There was altogether too much of that smiley eye contact going on and Hannah could feel herself growing warm. Relaxed, amused Conor made her heart beat that little bit faster and it needed to back right off. He’d made his feelings quite clear. With a force of will she hadn’t known she was capable of, she turned back to the chopping board, steadied her hand, and began slicing the poor savaged carrot into equal slices. Already, using this technique she had more control of the knife and could chop in even pieces.

‘That’s much better,’ said Conor, who had stepped right back and was now leaning onto the corner of the counter as far from her as was possible in the small space.

‘Thank you.’ She kept her head down, not wanting him to see her flushed face and bright eyes. Why did he have such a damn effect on her? Honestly it was worse than being a teenager all over again.

‘Have you got any plans for dinner?’ he asked.

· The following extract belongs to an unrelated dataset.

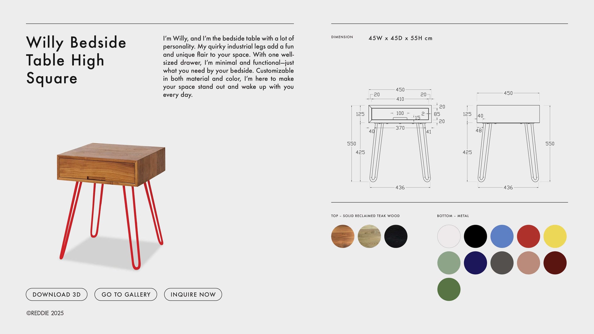 I’m Willy, and I’m the bedside table with a lot of personality. My quirky industrial legs add a fun and unique flair to your space. With one well-sized drawer, I’m minimal and functional—just what you need by your bedside. Customizable in both material and color, I’m here to make your space stand out and wake up with you every day.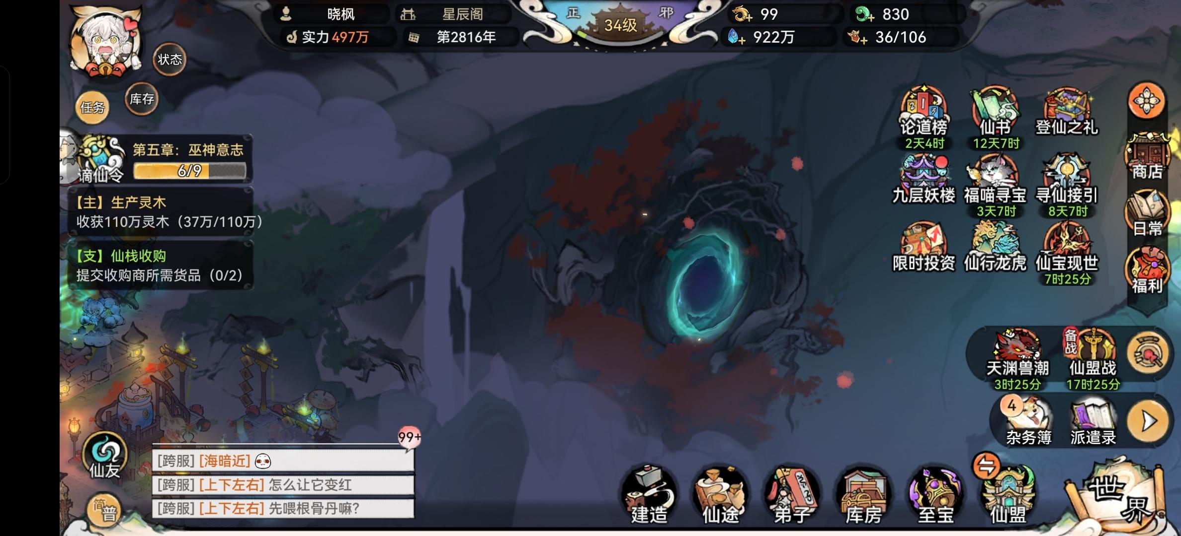 #仙宗共创 #最强祖师 游戏账号:m1vu8lds0700 游戏区服:星辰仙域1服 游游戏昵称 :通天教主 布局特色:首先山门必须有大广场,直通主殿,两边装上华灯,夜景璀璨 。合理利用每一寸土地,整齐布局两边功能性建筑 。经常用的像丹药房 、符箓坊、商店不要离太远 ,方便操作 。传送阵必须放在悬崖上 ,才有仙味儿 。建筑区要分为几个小区,有不同的林园风格。商业区必须和猫猫的靠近,这里是金融中心,

‘No, I was just going to have a quick sandwich.’ She wasn’t about to admit that she couldn’t face cooking and especially not when he was around. It was bad enough that he’d witnessed today’s incompetence; she didn’t need to give him a repeat performance. ‘And then I was planning, if you don’t mind, to put my feet up and read a book this evening or watch some rubbish television.’